WHAT YOU WILL DO:
Could you transcribe all of the data exactly and skip any pictures?

MATERIALS PROVIDED:
★ ★ ★ ★
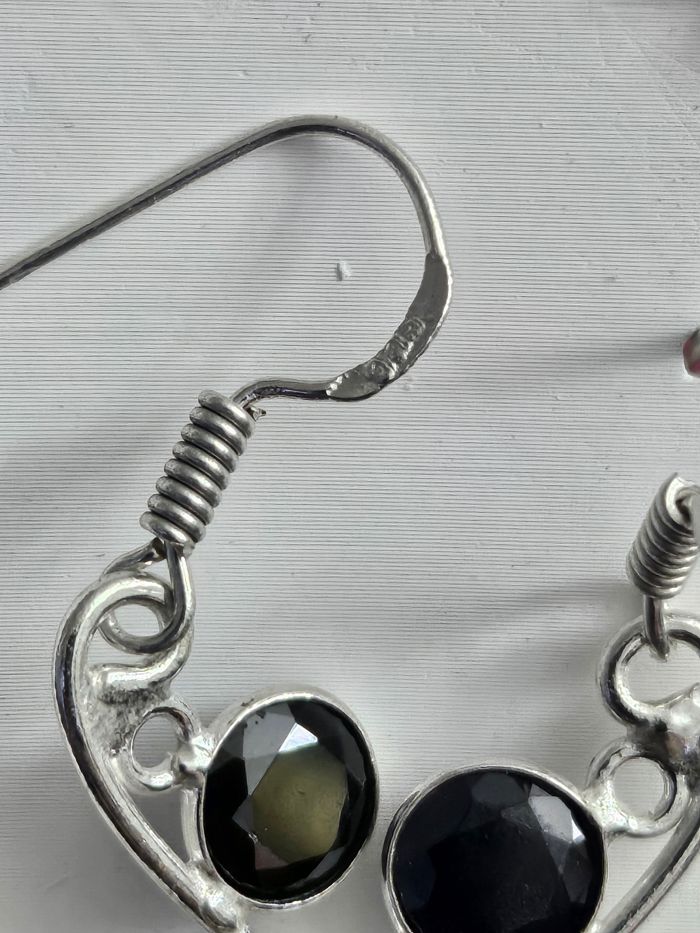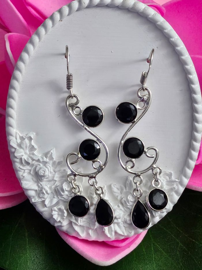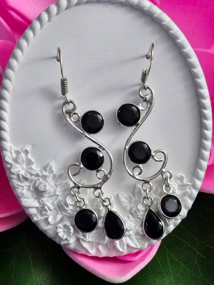 Boucles d oreilles en argent sterling 925 avec pierres onyx noir - photo numéro 1
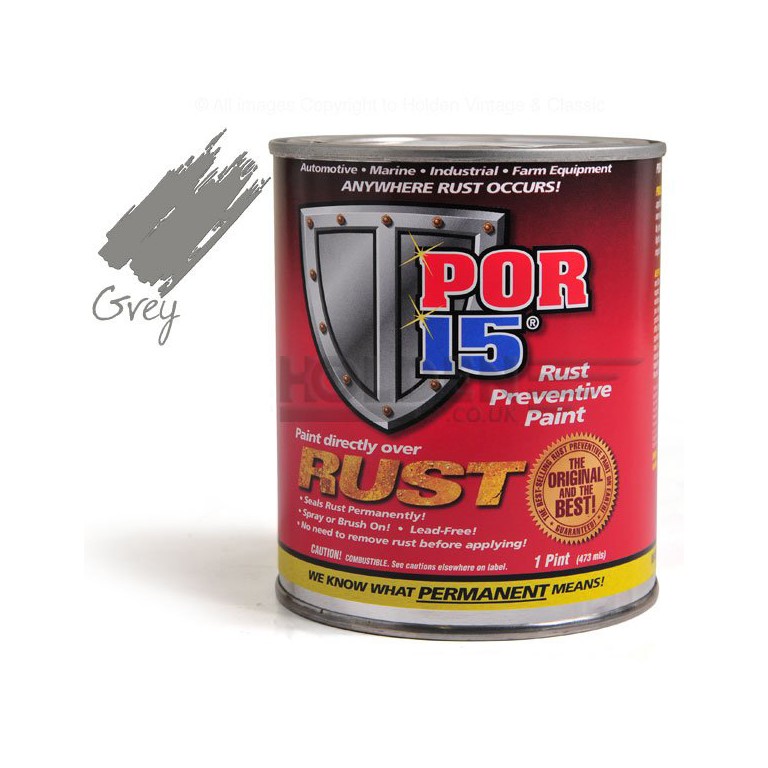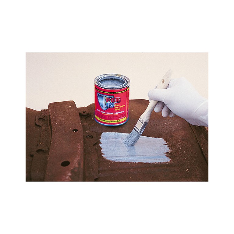 POR-15 Rust Preventive Paint is a high-tech, high performance rust-preventive coating designed for application directly on rusted or seasoned metal surfaces. It dries to an incredible rock-hard, non-porous finish that won't chip, crack, or peel, and it prevents rust from recurring by protecting metal from further exposure to moisture. Use it to coat rusty frames, floor pans, farm equipment, marine equipment, heavily corroded battery trays and can be used also to paint concrete floors. POR-15 Rust Preventive Paint is sensitive to UV light (sun) and must be topcoated for prolonged exposure to sunlight. Topcoating is not required for areas not exposed to sunlight.
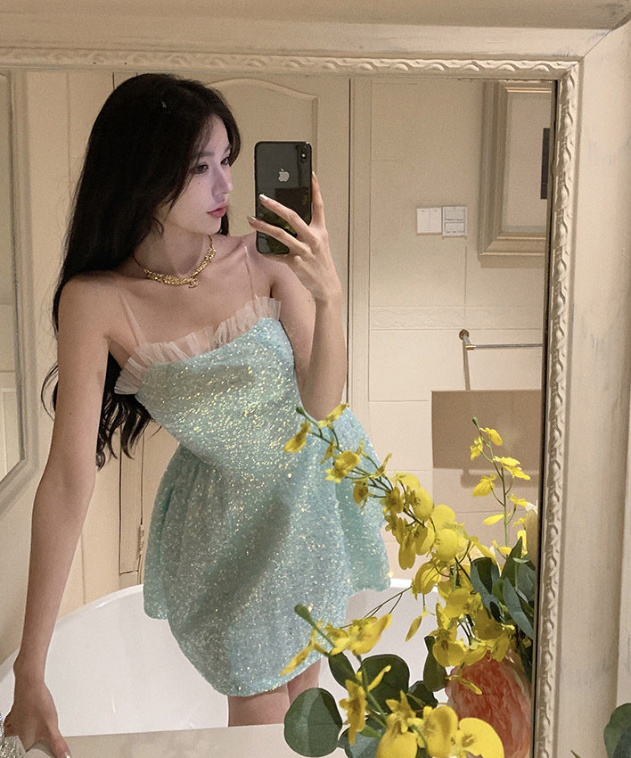 キラキラ ミニドレス キャバドレス セクシー ベアトップ Party お姫様 XH2-LQE5352H449
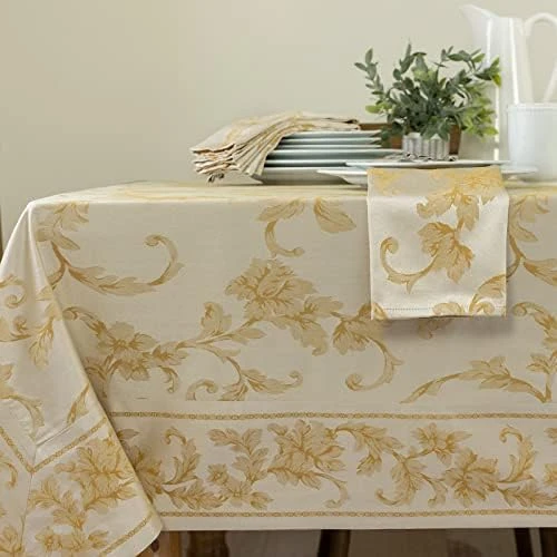 - Fabric Tablecloth with an elegant Damask pattern made of Polyester/Cotton. Heavyweight High-Quality Fabric Table Cloth.
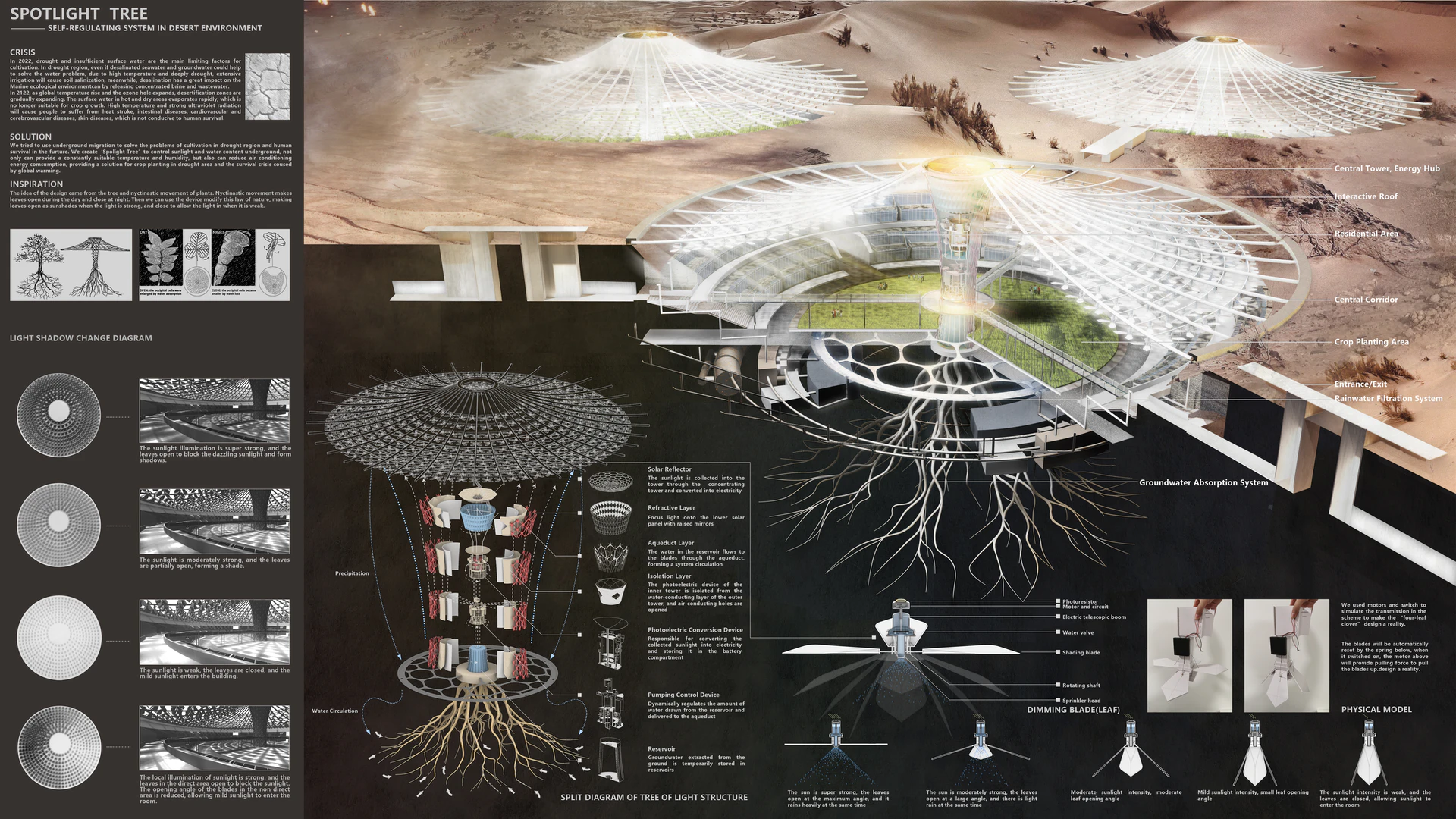 In 2022, drought and insufficient surface water are the main limiting factors for cultivation. In drought region, even if desalinated seawater and groundwater could help to solve the water problem, due to high temperature and deeply drought, extensive irrigation will cause soil salinization, meanwhile, desalination has a great impact on the Marine ecological environmentcan by releasing concentrated brine and wastewater.<br /><br />In 2122, as global temperature rise and the ozone hole expands, desertification zones are gradually expanding. The surface water in hot and dry areas evaporates rapidly, which is no longer suitable for crop growth. High temperature and strong ultraviolet radiation will cause people to suffer from heat stroke, intestinal diseases, cardiovascular and cerebrovascular diseases, skin diseases, which is not conducive to human survival.<br /><br />We tried to use underground migration to solve the problems of cultivation in drought region and human survival in the furture. We create‘Spolight Tree’to control sunlight and water content underground, not only can provide a constantly suitable temperature and humidity, but also can reduce air conditioning energy comsumption, providing a solution for crop planting in drought area and the survival crisis coused by global warming.<br /><br />The idea of the design came from the tree and nyctinastic movement of plants. Nyctinastic movement makes leaves open during the day and close at night. Then we can use the device modify this law of nature, making leaves open as sunshades when the light is strong, and close to allow the light in when it is weak.
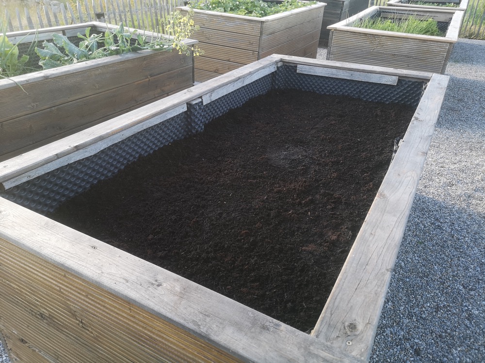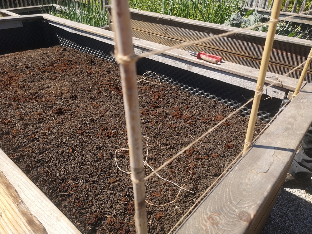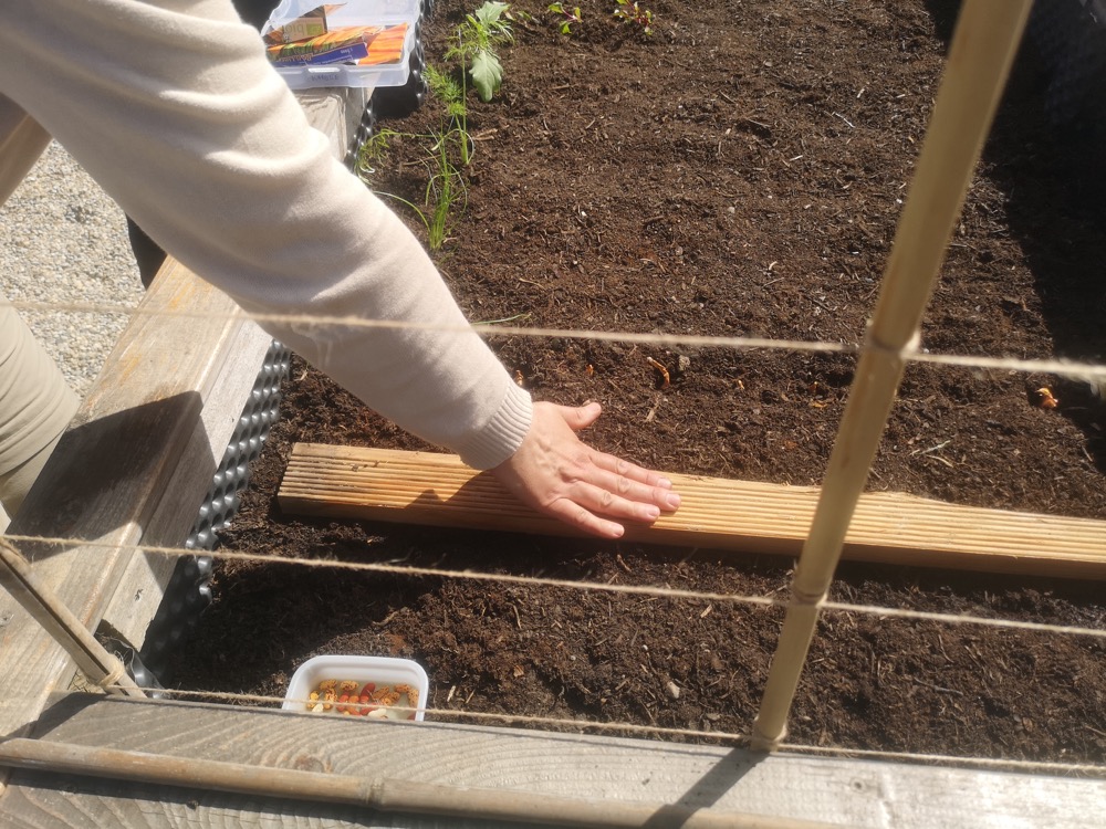 Da es sich bei dem gepflanzten Gemüse um Schwachzehrer handelt, wurde nur eine dünne Schicht Kompost aufgebracht. Die Karottensamen wurden mit einem Brett abgedeckt, um die Feuchtigkeit zu bewahren und die Keimung zu beschleunigen. Wenn man sich für diese Technik entscheidet, muss man sie im Auge behalten. Sobald der Samen zu keimen beginnt, wird das Brett entfernt.
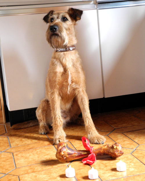 Carlo konnte sich über einen ganz besonders großen „Geburtstagsknochen“ freuen.
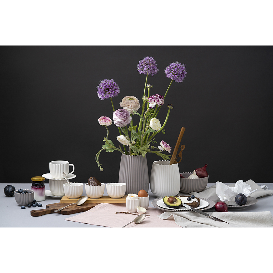 Небольшая серая ваза из коллекции Edge подойдет для живых цветов, сухоцветов или пряной зелени. Простая форма вазы позволяет вписать ее в любой интерьер, а фактурная поверхность будет красиво бликовать на свету. Ваза сделана из фарфора — легкого, прочного и устойчивого к сколам материала, за которым легко ухаживать.
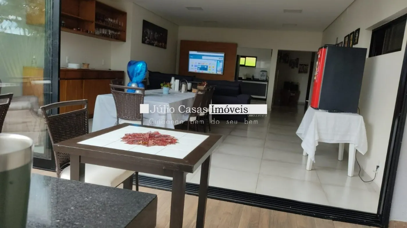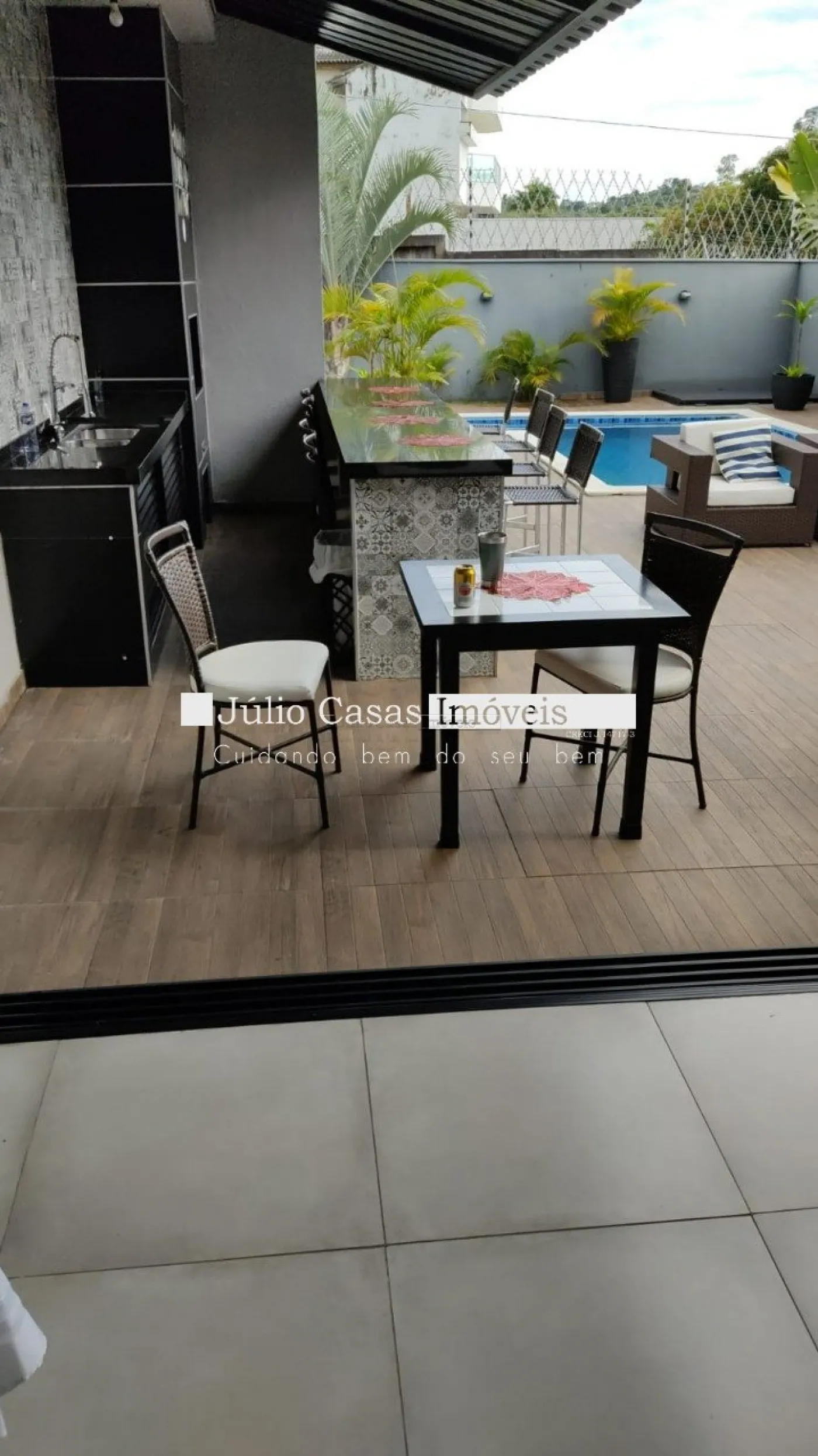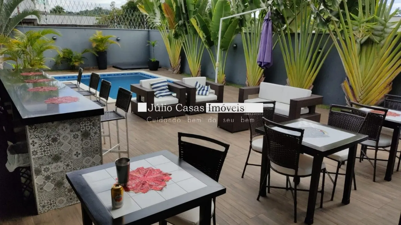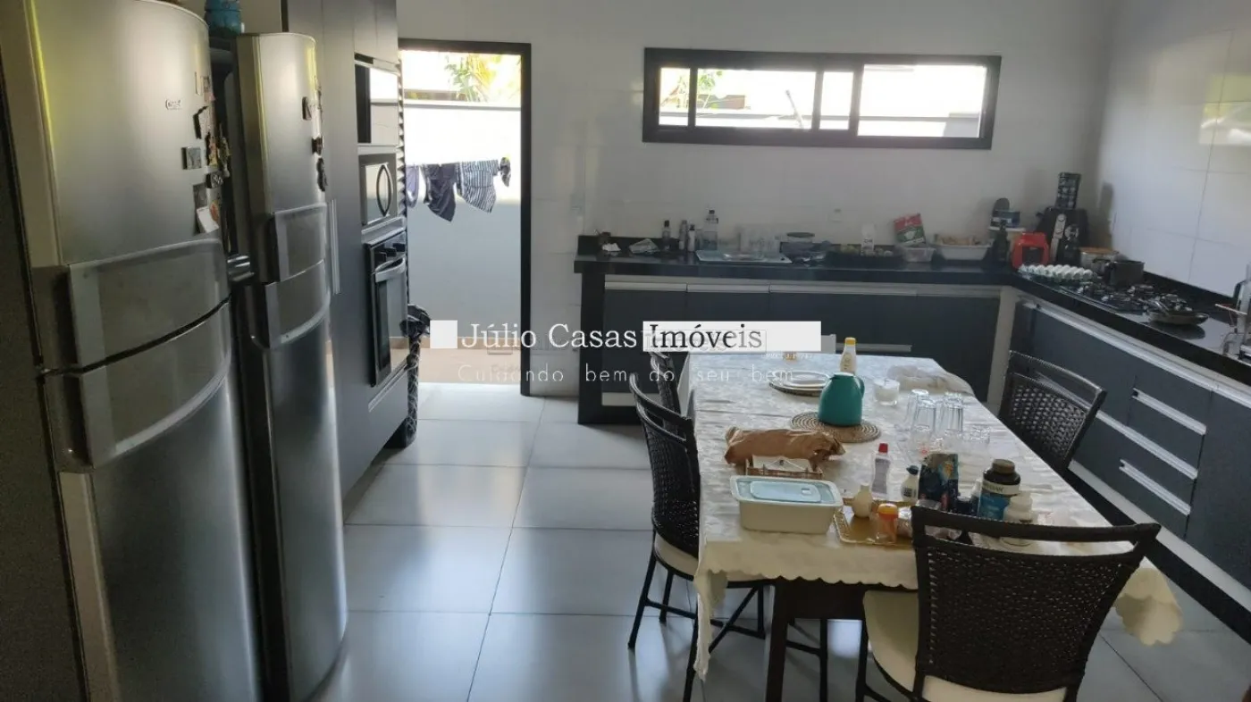 Casa térrea com sala 2 ambientes integrada com a área gourmet. lavabo, cozinha modulada e equipada, despensa, área de serviço, área gourmet com churrasqueira, pia de apoio, wc, piscina com praia, 3 suítes todas com closet.
★ ★ ★ ★
ANSWER AREA:
 Boucles d oreilles en argent sterling 925 avec pierres onyx noir - photo numéro 1
 POR-15 Rust Preventive Paint is a high-tech, high performance rust-preventive coating designed for application directly on rusted or seasoned metal surfaces. It dries to an incredible rock-hard, non-porous finish that won't chip, crack, or peel, and it prevents rust from recurring by protecting metal from further exposure to moisture. Use it to coat rusty frames, floor pans, farm equipment, marine equipment, heavily corroded battery trays and can be used also to paint concrete floors. POR-15 Rust Preventive Paint is sensitive to UV light (sun) and must be topcoated for prolonged exposure to sunlight. Topcoating is not required for areas not exposed to sunlight.
 キラキラ ミニドレス キャバドレス セクシー ベアトップ Party お姫様 XH2-LQE5352H449
 - Fabric Tablecloth with an elegant Damask pattern made of Polyester/Cotton. Heavyweight High-Quality Fabric Table Cloth.
 In 2022, drought and insufficient surface water are the main limiting factors for cultivation. In drought region, even if desalinated seawater and groundwater could help to solve the water problem, due to high temperature and deeply drought, extensive irrigation will cause soil salinization, meanwhile, desalination has a great impact on the Marine ecological environmentcan by releasing concentrated brine and wastewater.<br /><br />In 2122, as global temperature rise and the ozone hole expands, desertification zones are gradually expanding. The surface water in hot and dry areas evaporates rapidly, which is no longer suitable for crop growth. High temperature and strong ultraviolet radiation will cause people to suffer from heat stroke, intestinal diseases, cardiovascular and cerebrovascular diseases, skin diseases, which is not conducive to human survival.<br /><br />We tried to use underground migration to solve the problems of cultivation in drought region and human survival in the furture. We create‘Spolight Tree’to control sunlight and water content underground, not only can provide a constantly suitable temperature and humidity, but also can reduce air conditioning energy comsumption, providing a solution for crop planting in drought area and the survival crisis coused by global warming.<br /><br />The idea of the design came from the tree and nyctinastic movement of plants. Nyctinastic movement makes leaves open during the day and close at night. Then we can use the device modify this law of nature, making leaves open as sunshades when the light is strong, and close to allow the light in when it is weak.
 Da es sich bei dem gepflanzten Gemüse um Schwachzehrer handelt, wurde nur eine dünne Schicht Kompost aufgebracht. Die Karottensamen wurden mit einem Brett abgedeckt, um die Feuchtigkeit zu bewahren und die Keimung zu beschleunigen. Wenn man sich für diese Technik entscheidet, muss man sie im Auge behalten. Sobald der Samen zu keimen beginnt, wird das Brett entfernt.
 Carlo konnte sich über einen ganz besonders großen „Geburtstagsknochen“ freuen.
 Небольшая серая ваза из коллекции Edge подойдет для живых цветов, сухоцветов или пряной зелени. Простая форма вазы позволяет вписать ее в любой интерьер, а фактурная поверхность будет красиво бликовать на свету. Ваза сделана из фарфора — легкого, прочного и устойчивого к сколам материала, за которым легко ухаживать.
 Casa térrea com sala 2 ambientes integrada com a área gourmet. lavabo, cozinha modulada e equipada, despensa, área de serviço, área gourmet com churrasqueira, pia de apoio, wc, piscina com praia, 3 suítes todas com closet.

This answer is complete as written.